Bioinformatics software starBase v2.0 predicted the binding sites between MALAT1 and miR-590-3p (Fig. 5A). Luciferase reporter assay showed that miR-590-3p overexpression decreased the luciferase activity of MALAT1-wt in 143B and MG-63 cells, but failed to inhibit the luciferase activity of MALAT1-mut1+2 (Fig. 5B). Luciferase activity was also reduced in the MALAT1-mut1 and MALAT1-mut 2 groups, because both binding sites are active. Therefore, a single mutation in one of the binding sites allows miRNAs to bind to the unmutated site. Then, the specific binding between MALAT1 and miR-590-3p was validated using RIP and pull-down assays. RIP analysis showed that MALAT1 was notably enriched in the miR-590-3p group after precipitation with AGO2 antibody compared with the NC group (Fig. 5C). In addition, pull-down analysis revealed that MALAT1 was significantly enriched by binding to Bio-miR-590-3p, but not Bio-NC (Fig. 5D). Taken together, these results demonstrated that MALAT1 directly bound to miR-590-3p.

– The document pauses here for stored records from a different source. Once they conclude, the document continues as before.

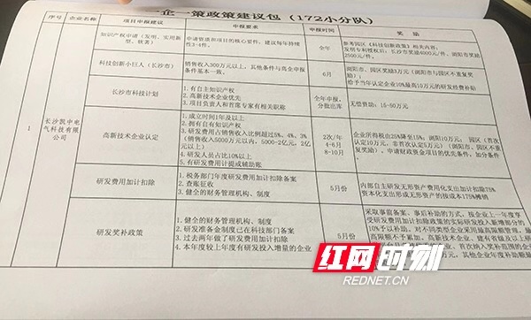 帮扶小分队为企业量身打造的个性化“政策申报建议包”。
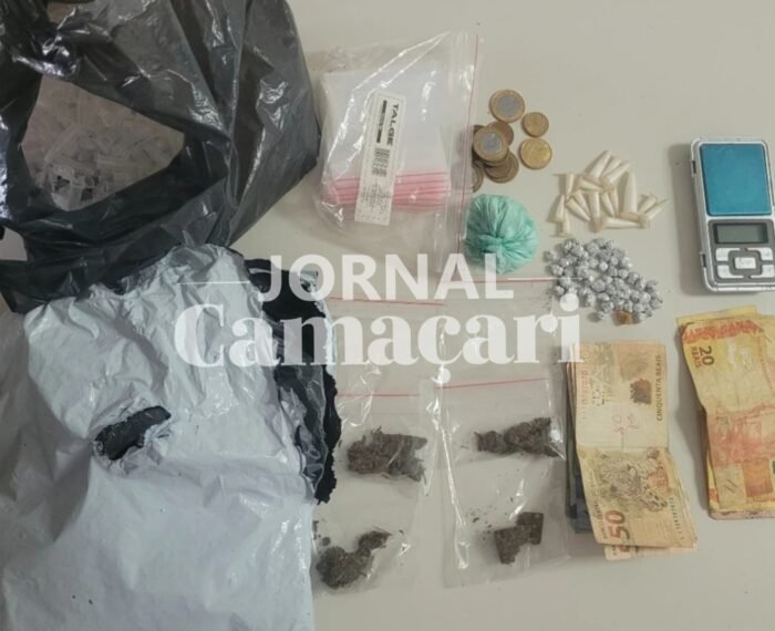 Na abordagem, foram apreendidos 04 porções de maconha, 51 pedras de crack, 16 pinos de cocaína, um saco contendo cocaína a granel, uma balança de precisão, embalagens para acondicionar drogas e a quantia de R$ 432,50 em espécie.
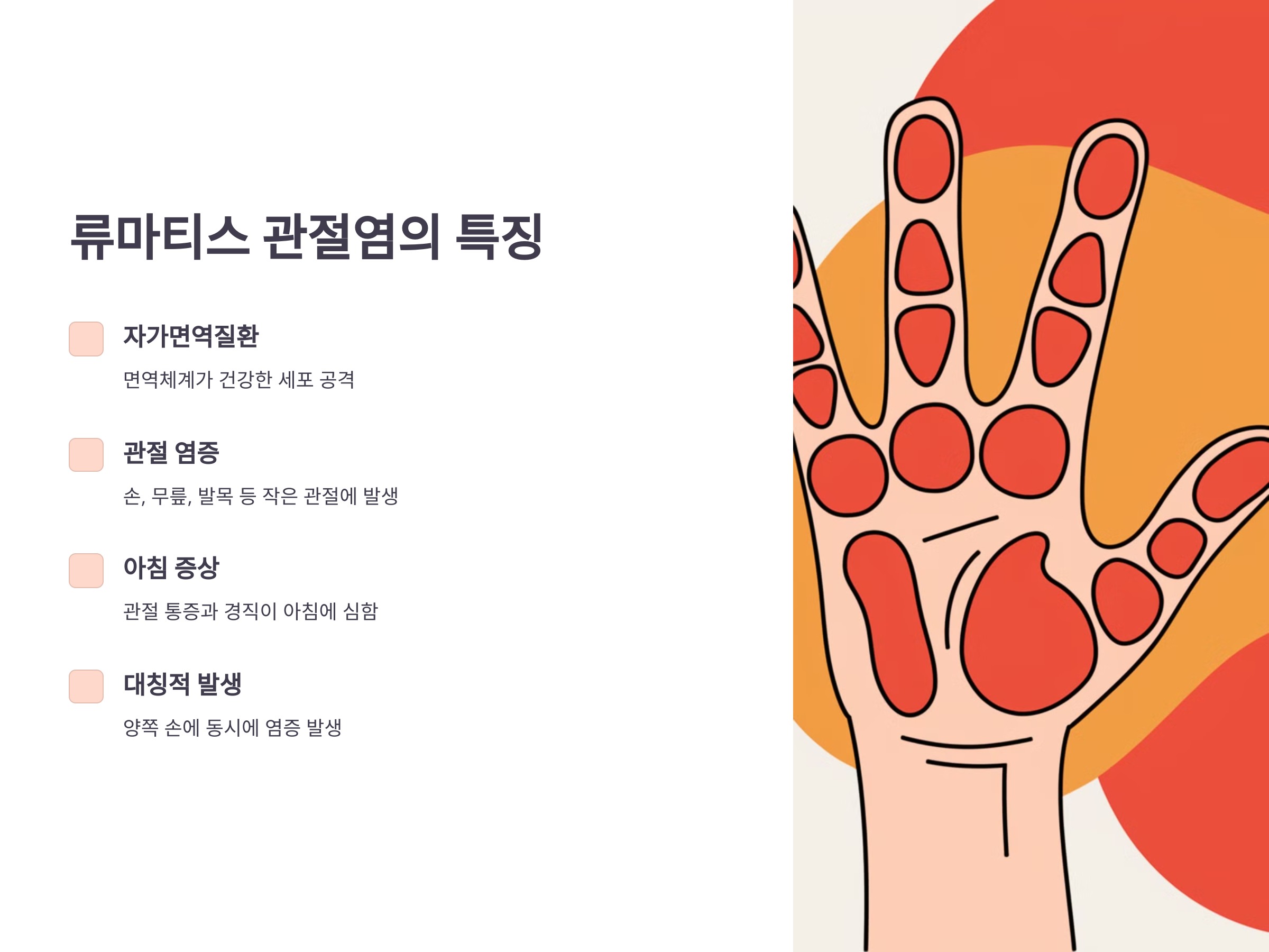 류마티스 관절염은 자가면역질환으로, 면역 체계가 자신의 건강한 세포를 공격해 관절에 염증을 일으키는 질환입니다. 이 질환은 보통 손, 무릎, 발목 등 작은 관절에서 주로 발생하며, 아침에 일어나면 손이 붓고 관절이 뻣뻣해지는 증상을 겪습니다. 특히 아침에 일어나면 관절의 통증과 경직이 더 심해지며, 시간이 지나면서 점차 개선되는 경향이 있습니다.

Next, the overexpression efficiency of MALAT1 was determined in 143B and MG-63 cells transfected with Vector or MALAT1 (Fig. S2A). The results showed that knockdown of MALAT1 markedly increased the expression of miR-590-3p in 143B and MG-63 cells compared with those in the Scramble group, whereas overexpression of MALAT1 notably reduced the expression of miR-590-3p in OS cells compared with in the control group (Vector) (Fig. 5E). Furthermore, the expression levels of MALAT1 and miR-590-3p were negatively correlated in OS tissues (Fig. 5F). These results indicated that MALAT1 negatively regulated miR-590-3p.

To further explore the relationship between MALAT1 and miR-590-3p in OS, 143B and MG-63 cells were transfected with Scramble, si-MALAT1, si-MALAT1 + anti-NC and si-MALAT1 + anti-miR-590-3p, respectively. Firstly, the knockdown efficiency of anti-miR-590-3p was detected by RT-qPCR in 143B and MG-63 cells transfected with anti-NC or anti-miR-590-3p (Fig. S2B). Then, the results indicated that miR-590-3p was upregulated after knockdown of MALAT1, whereas miR-590-3p was markedly reduced after transfection with si-MALAT1 and anti-miR-590-3p (Fig. 6A). Knockdown of MALAT1 significantly suppressed cell proliferation (Fig. 6B), promoted apoptosis (Fig. 6C and S1B), and inhibited migration and invasion (Fig. 6D and E; Fig. S1D and F) in 143B and MG-63 cells. In addition, 143B and MG-63 cells transfected with si-MALAT1 had higher E-cadherin protein level and lower N-cadherin, Vimentin and Snail protein levels compared with the Scramble group (Fig. 6F). However, these results caused by MALAT1 knockdown could be reversed by inhibiting miR-590-3p.